# Task 1

Curling in sorted.bam files:

    cd ../data
    curl -O https://gannet.fish.washington.edu/seashell/bu-mox/scrubbed/120321-cvBS/19F_R1_val_1_bismark_bt2_pe.deduplicated.sorted.bam
    curl -O https://gannet.fish.washington.edu/seashell/bu-mox/scrubbed/120321-cvBS/19F_R1_val_1_bismark_bt2_pe.deduplicated.sorted.bam.bai

Curling in reference genome:

    cd ../data
    curl -O https://gannet.fish.washington.edu/seashell/bu-mox/data/Cvirg-genome/GCF_002022765.2_C_virginica-3.0_genomic.fa
    curl -O https://gannet.fish.washington.edu/seashell/bu-mox/data/Cvirg-genome/GCF_002022765.2_C_virginica-3.0_genomic.fa.fai

Using tview to quickly take a peak at the sorted.bam file and genome
(looking at alignment data against genome)
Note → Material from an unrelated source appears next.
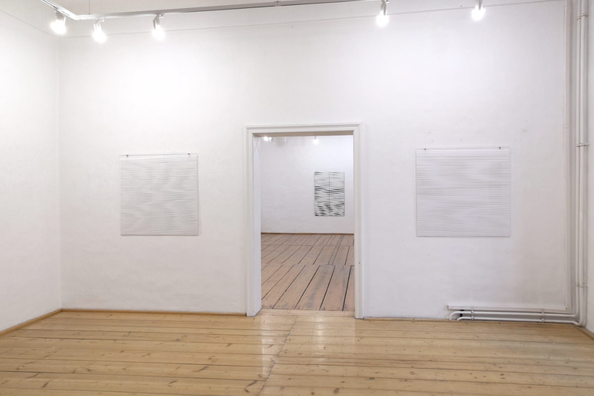 In these works, the same, non-parallel line grid was used twice by means of screen printing, once on the front and once on the back of the work. This made it possible for a grid structure to be superimposed on itself.
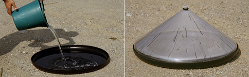 - 햇빛에 의해 증발된 물이 비닐에 맺혀 용기에 모입니다.

    /home/shared/samtools-1.12/samtools tview \
    ../data/19F_R1_val_1_bismark_bt2_pe.deduplicated.sorted.bam \
    ../data/GCF_002022765.2_C_virginica-3.0_genomic.fa

![tview
screenshot](https://github.com/course-fish546-2023/celeste-coursework/blob/main/week-06-tview.png?raw=true)

# Task 2

## Creating bam files

For this task we will align RNAseq data to a reference genome using
HISat2 and then proceed to visualize it with IGV.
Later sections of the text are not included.